→ ENTRIES SHOWN:
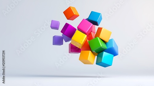 © kamsudin, Obraz premium Floating Colorful Cubes Abstract Background
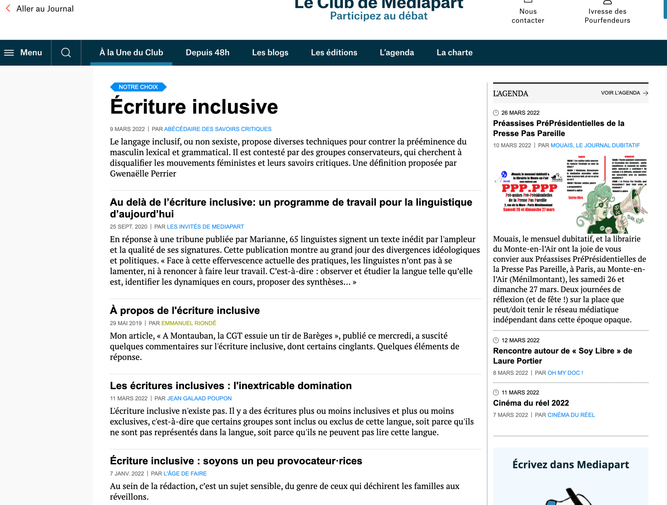La guerre fait rage en Ukraine, La Russie plonge l'Europe dans le chaos geopolitique, la pauvrete est toujours ce qui fait le plus de ravage a tous les etages en France, nous elisons un president dans 3 mois... Mais que se passe t il dans la tete de la personne qui a cru que le sujet clivant de l'ecriture inclusive etait ce sur quoi il fallait mettre nos neurones en route ce Dimanche matin ? Ce sont des choses comme celle ci qui la font prendre en grippe - cette ecriture inclusive - alors que la plupart d entre nous devrait s en foutre car elle n'est pas si derangeante que cela quand on veut bien etre raisonnable.
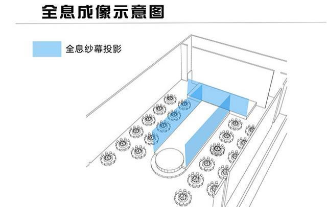 紗幕具有良好的透視性,離遠處看仿佛是在空氣中成像,結合宴會廳270度立體成像的3D效果,能夠實現(xiàn)雙重視覺效果。在全息宴會廳中內,全息成像可用于大型舞臺演出、各類發(fā)布會、喜宴等等。
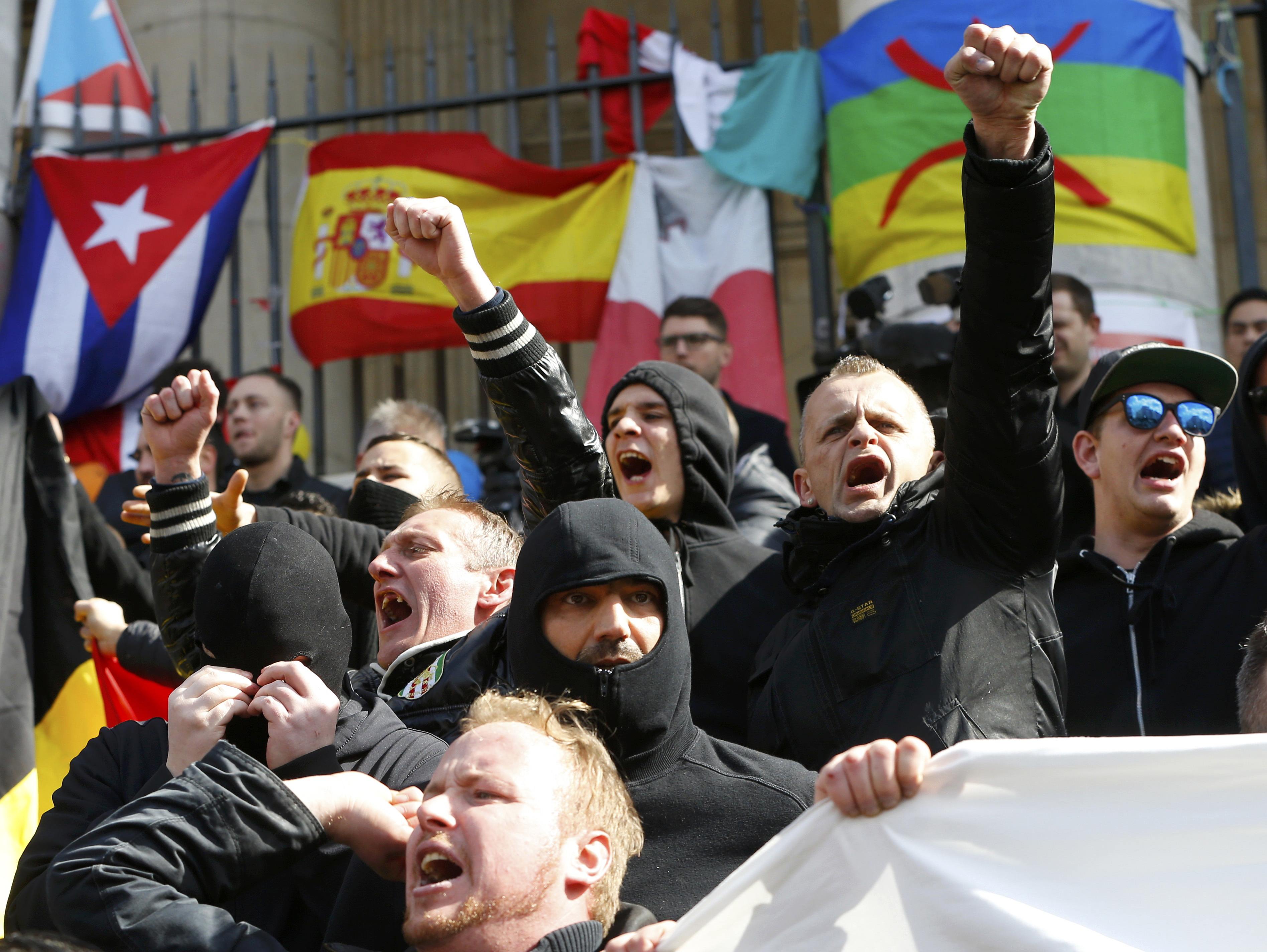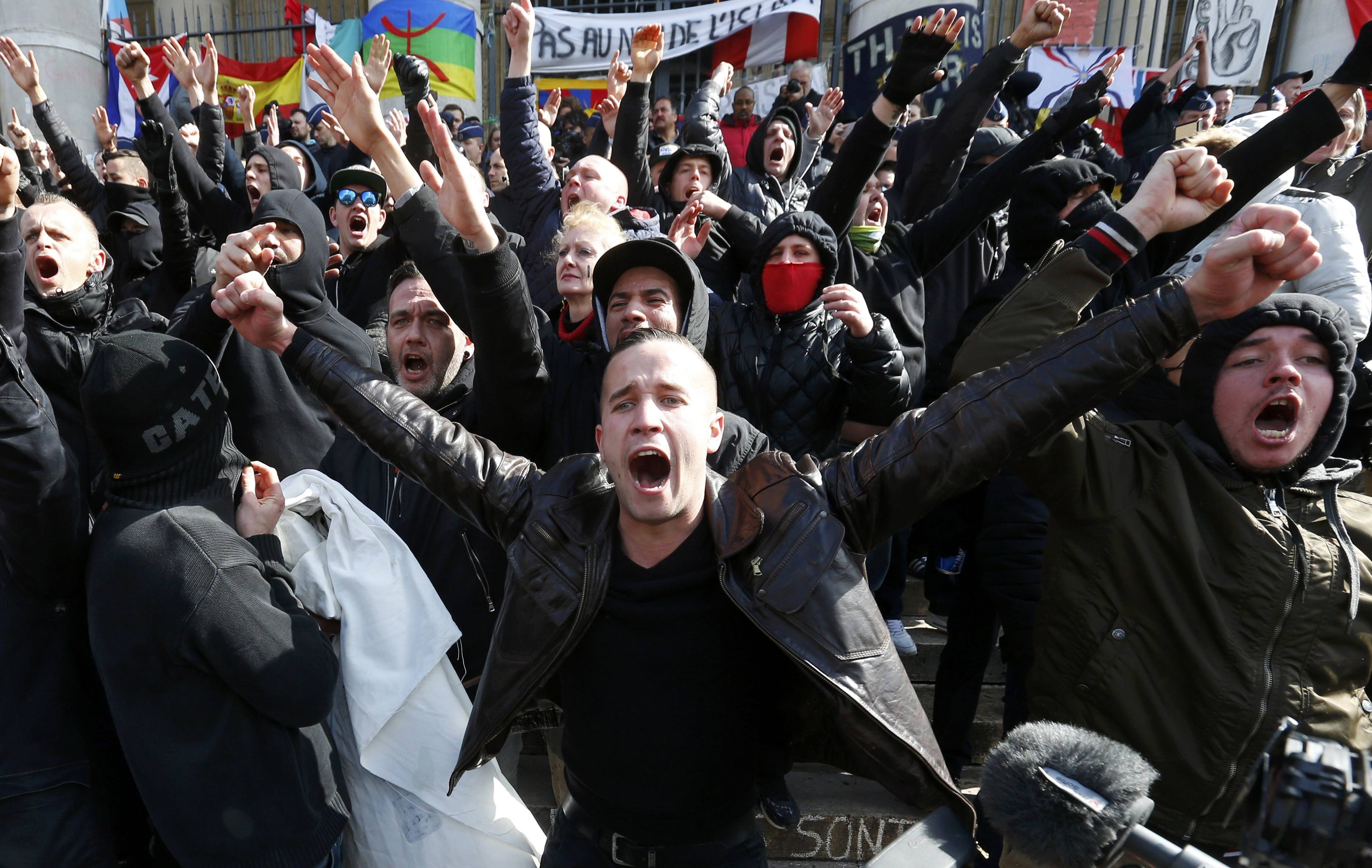 В Брюсселе на площади Биржи, где поминают жертв терактов 22 марта, около 400 ультраправых активистов в черном устроили "Марш против Исламского государства".
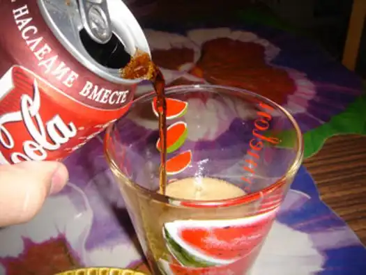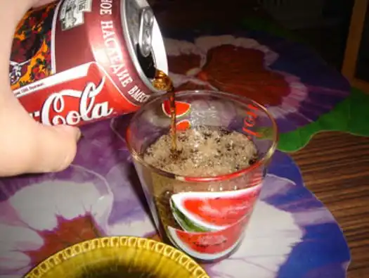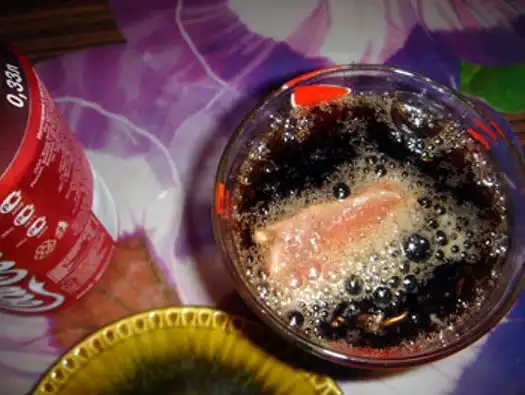 Для тех кто считает , что она безвредна предлагаю поставить такой опыт: бросьте в стакан колы кусочек сырого мяса и оставьте на ночь. Знаете, что будет утром? Мясо исчезнет! Кола полностью его растворит! Представьте, что происходит с тонкими стенками вашего желудка, когда кола туда попадает! А насчет достоинств колы могу сказать одно: она прекрасно чистит унитазы!
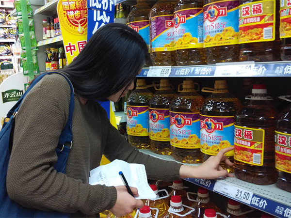 抵达岗顶华润万家超市后,小探队迅速找到了食用油专区,展开了对不同品牌、品种的食用油标识的记录。货架上,有金龙鱼、多力、金鼎等品牌,主要包括有玉米油、大豆油、花生油、葵花籽油及调和油等油类。下午,小探队再次踏上征途,前往下一站越秀区家乐福超市,对汉福金龙鱼、新湖、豫沙、西部、胡姬花、红灯、元宝等品牌食用油进行了调查,此外还对黄豆酱、番茄酱,酱油等做了讨论。
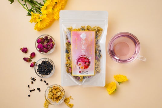 「浄花茶」はキクの花、マイカイカ、黒クコの実の3つの和漢素材が配合されています。

→ WORK INSTRUCTIONS:
Each entry above should be printed again word for word, with any picture dropped.

→ TASK ANSWER:
 © kamsudin, Obraz premium Floating Colorful Cubes Abstract Background
La guerre fait rage en Ukraine, La Russie plonge l'Europe dans le chaos geopolitique, la pauvrete est toujours ce qui fait le plus de ravage a tous les etages en France, nous elisons un president dans 3 mois... Mais que se passe t il dans la tete de la personne qui a cru que le sujet clivant de l'ecriture inclusive etait ce sur quoi il fallait mettre nos neurones en route ce Dimanche matin ? Ce sont des choses comme celle ci qui la font prendre en grippe - cette ecriture inclusive - alors que la plupart d entre nous devrait s en foutre car elle n'est pas si derangeante que cela quand on veut bien etre raisonnable.
 紗幕具有良好的透視性,離遠處看仿佛是在空氣中成像,結合宴會廳270度立體成像的3D效果,能夠實現(xiàn)雙重視覺效果。在全息宴會廳中內,全息成像可用于大型舞臺演出、各類發(fā)布會、喜宴等等。
 В Брюсселе на площади Биржи, где поминают жертв терактов 22 марта, около 400 ультраправых активистов в черном устроили "Марш против Исламского государства".
 Для тех кто считает , что она безвредна предлагаю поставить такой опыт: бросьте в стакан колы кусочек сырого мяса и оставьте на ночь. Знаете, что будет утром? Мясо исчезнет! Кола полностью его растворит! Представьте, что происходит с тонкими стенками вашего желудка, когда кола туда попадает! А насчет достоинств колы могу сказать одно: она прекрасно чистит унитазы!
 抵达岗顶华润万家超市后,小探队迅速找到了食用油专区,展开了对不同品牌、品种的食用油标识的记录。货架上,有金龙鱼、多力、金鼎等品牌,主要包括有玉米油、大豆油、花生油、葵花籽油及调和油等油类。下午,小探队再次踏上征途,前往下一站越秀区家乐福超市,对汉福金龙鱼、新湖、豫沙、西部、胡姬花、红灯、元宝等品牌食用油进行了调查,此外还对黄豆酱、番茄酱,酱油等做了讨论。
 「浄花茶」はキクの花、マイカイカ、黒クコの実の3つの和漢素材が配合されています。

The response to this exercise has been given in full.